A short conclusion reiterates some of the volume's broader claims: women writers experience the pull of longing for stability and home, yet they also celebrate the possibilities of transformation and reinvention. For Cox, these writers retell Ovid's stories in order to comment upon and activate social and political change, a desire Cox associates throughout with third wave feminism, though she acknowledges that her authors do not all explicitly identify themselves or their work as feminist.

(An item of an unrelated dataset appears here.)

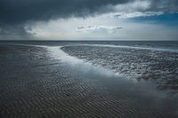 Een dramatisch strandbeeld van Ameland bij laag water, met een opvallende slingerende lijn die als leidraad door het landschap loopt. De donkere, moody wolkenlucht boven het uitgestrekte strand geeft het beeld een mysterieuze en melancholische sfeer, alsof er elk moment regen kan vallen. Dit contrast tussen het rustige water en de…

Ovid's Presence in Contemporary Women's Writing offers exactly what it promises: a detailed account of contemporary women writers' rewritings, adaptations, and translations of Ovid's works. Close readings, along with extensive citation, give life to what are often lengthy summaries, and a perceptive attention to language grounds the analyses of debts to Ovid. As should be obvious from the chapter outline, Cox's perspective is very broad, and the series of chapters organized by author offers more of a catalog than a cumulating argument. To be sure, Cox highlights themes shared among the texts she studies: the experience of change, of course, but also the experience of loss in change, the experience of possibility, and indeed, the transformation of loss into possibility. The frequent appeal to Echo among Cox's authors is perhaps to be expected; the several appearances of Iphis may be more surprising. I myself was surprised by the importance of water: pools, rivers, and, especially, the Black Sea all appear centrally in a number of the works Cox studies. But despite some common threads and characters, the texts Cox examines remain fairly distinct from each other. Rather than make a claim for a common project or a shared reception of Ovid's works, Cox demonstrates the diversity of engagements with Ovid among her authors. For me, the primary lesson of Ovid's Presence is not so much that understanding the Ovidian references supports a better reading of contemporary women writers, but that reading the works of contemporary women writers might make me a better reader of Ovid.